President Moulvibazar District Awami League
- In office 1998–2005
- Preceded by: Azizur Rahman
- Succeeded by: Md. Abdus Shahid

Personal details
- Born: 12 December 1948 Sylhet, East Bengal, Pakistan
- Died: 14 September 2015 (aged 66) Singapore General Hospital, Singapore
- Party: Bangladesh Awami League
- Spouse: Syeda Saira Mohsin
- Occupation: politician
- Awards: Independence Day Award

= Syed Mohsin Ali =

Bangladeshi politician (1948–2015)

Syed Mohsin Ali (12 December 1948 – 14 September 2015) was a Bangladeshi politician. He served as the Member of Parliament from Moulvibazar-3 and the Social Welfare Minister of the government of Bangladesh. He was given Independence Day Award in 2017 by the government of Bangladesh.

== Early life ==
Ali began his education in Kolkata. He passed Junior Cambridge and Senior Cambridge from St. Xavier's College. Then he studied in Bengali medium for some days in Bangladesh. Then again he completed diploma in management from Kolkata.

==Career==
Ali started his politics as a Bangladesh Chhatra League activist. He served as the president of the Moulvibazar unit of Awami League during 1998–2005. He was elected as the municipality's chairman three times. He fought the Liberation War as a commander of the Mukti Bahini under General MAG Osmani and was a member of the central committee of Sector Commanders Forum.
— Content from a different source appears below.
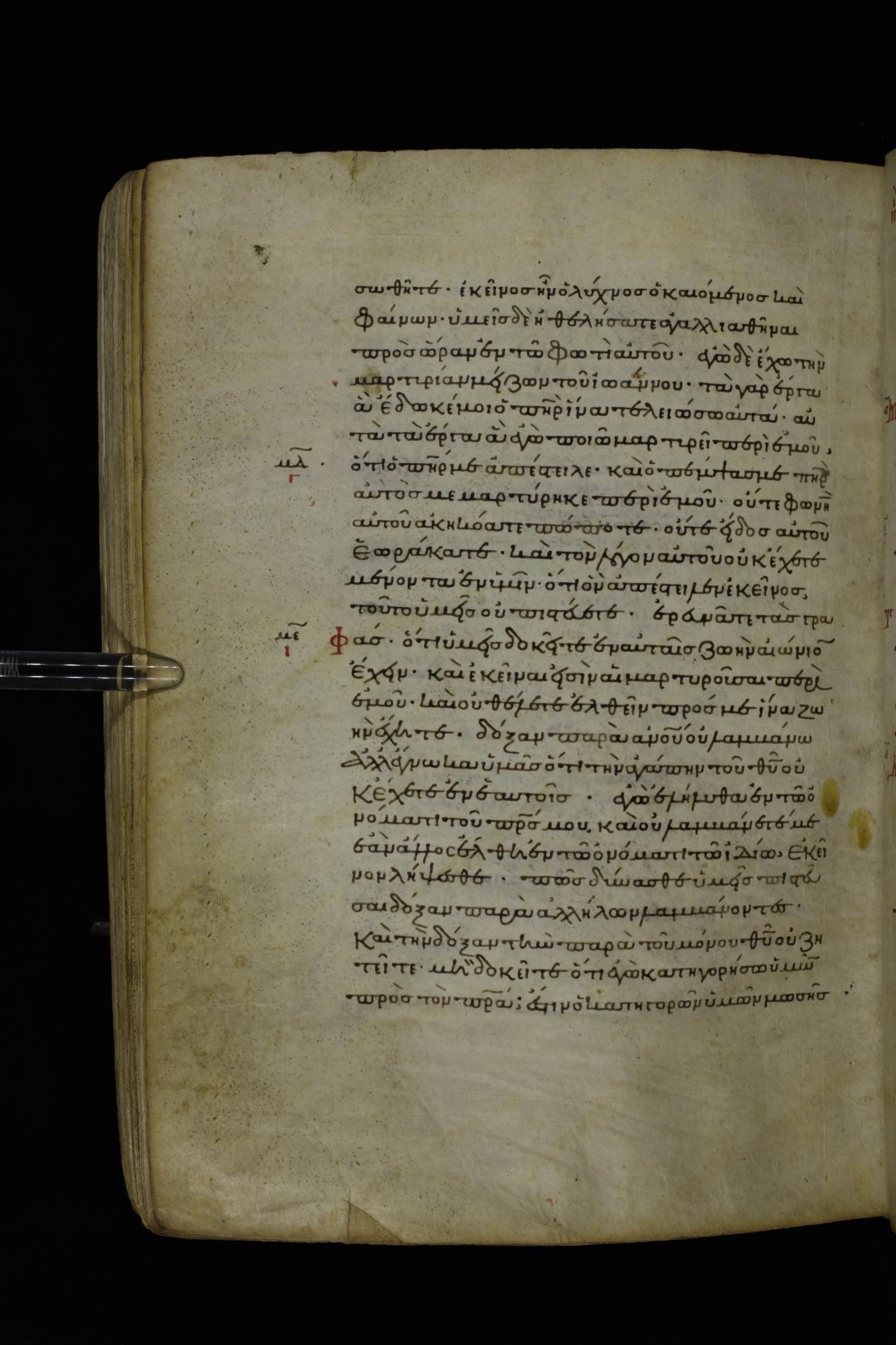 Twelfth century minuscule of the Gospels on parchment; 195 leaves, 1 column, 25 lines per column. Images were taken at the National Library of Greece in Athens.

He was a member of the National Freedom Fighters' Council and a central committee member of the Sector Commanders' Forum.

== Personal life ==
Ali was married to Syeda Saira Mohsin, also a Member of Parliament.

== Death ==
Ali died on 12 January 2015 in Singapore. He is buried next to his parents in the graveyard next to Dargah-e-Shah Mustafa.